**ASSIGNMENT:** Your task is to write out every line of the data exactly. Drop the pictures.

**DATA SHOWN:**
· · · · ·
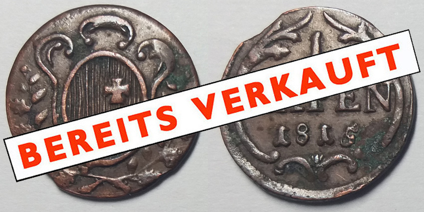 Legierung: KupferDurchmesser: 16 mmGewicht: ca. 1.40 g AUSVERKAUFT / SOLD OUT / EPUISEE (vom 1 Rappen 1815 gibt es diverse Varianten)
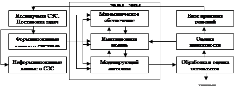 можно заранее сформулировать поведение системы в будущем. Марковские случайные процессы называют Марковскими цепями с вероятностью перехода в pij , когда процесс изучается в дискретные моменты времени. 5.2. Имитационное моделирование систем и процессов. Применяется в случаях, когда нельзя заформализовать модель (описать аналитическим выражением) и в случае, когда система представляет собой многопараметрическую вероятностную экономическую систему. Кроме того, моделирование с помощью имитационных подходов применяется для систем больших размерностей и с большими внутренними связями. Основные этапы моделирования: 1) анализ моделируемой систем, сбор необходимой информации, выделение проблемной области исследования и постановка задач на исследование; 2) синтезирование (формирование, получение) необходимой математической модели области допустимых упрощений (ограничений), выбор критериев оценки эффективности и точности моделирования; 3) разработка имитационной модели, алгоритма ее реализации, внутреннее и внешнее математическое обеспечение; 4) оценка адекватности имитационной модели и контроль результатов экстремумов с последующей валидацией модели; 5) анализ результатов моделирования с целью достижения заданной точности моделирования. 5.3. Имитационная модель и ее структура..
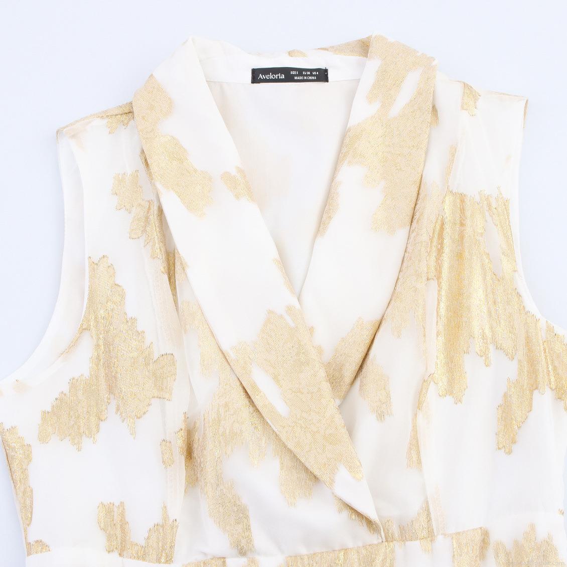 • Women's Elegant V-Neck Sleeveless Maxi Dress Gold Foil Textured High Waist A-Line Long Dress For Party Evening Commuting British Style Clothes
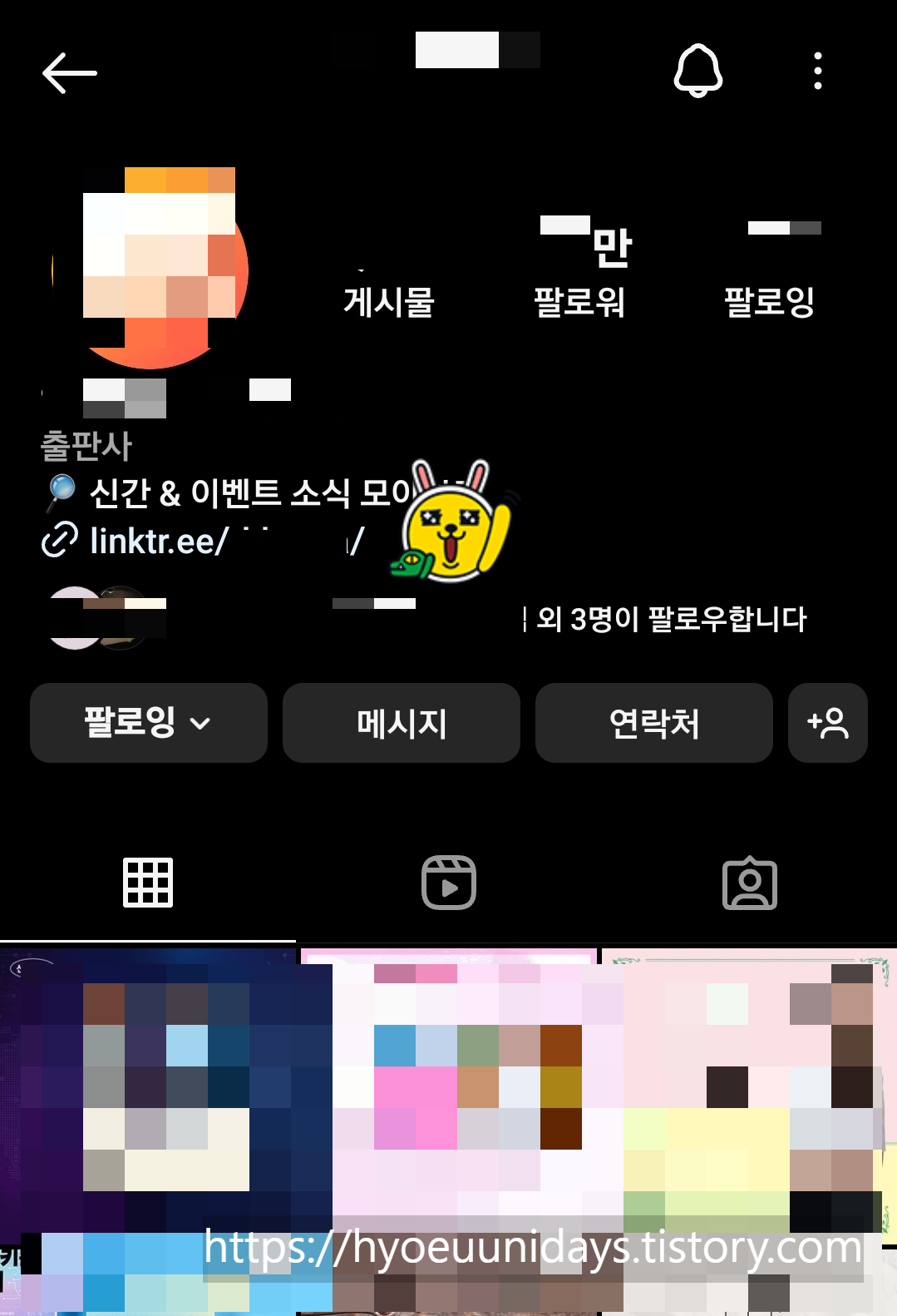 책에 있는 출판사를 인스타그램으로 검색하고 들어가서 위 이모티콘 옆에 있는 링크를 타고 들어가서 신청을 합니다.
· · · · ·
**EXERCISE RESPONSE:**
 Legierung: KupferDurchmesser: 16 mmGewicht: ca. 1.40 g AUSVERKAUFT / SOLD OUT / EPUISEE (vom 1 Rappen 1815 gibt es diverse Varianten)
 можно заранее сформулировать поведение системы в будущем. Марковские случайные процессы называют Марковскими цепями с вероятностью перехода в pij , когда процесс изучается в дискретные моменты времени. 5.2. Имитационное моделирование систем и процессов. Применяется в случаях, когда нельзя заформализовать модель (описать аналитическим выражением) и в случае, когда система представляет собой многопараметрическую вероятностную экономическую систему. Кроме того, моделирование с помощью имитационных подходов применяется для систем больших размерностей и с большими внутренними связями. Основные этапы моделирования: 1) анализ моделируемой систем, сбор необходимой информации, выделение проблемной области исследования и постановка задач на исследование; 2) синтезирование (формирование, получение) необходимой математической модели области допустимых упрощений (ограничений), выбор критериев оценки эффективности и точности моделирования; 3) разработка имитационной модели, алгоритма ее реализации, внутреннее и внешнее математическое обеспечение; 4) оценка адекватности имитационной модели и контроль результатов экстремумов с последующей валидацией модели; 5) анализ результатов моделирования с целью достижения заданной точности моделирования. 5.3. Имитационная модель и ее структура..
 • Women's Elegant V-Neck Sleeveless Maxi Dress Gold Foil Textured High Waist A-Line Long Dress For Party Evening Commuting British Style Clothes
 책에 있는 출판사를 인스타그램으로 검색하고 들어가서 위 이모티콘 옆에 있는 링크를 타고 들어가서 신청을 합니다.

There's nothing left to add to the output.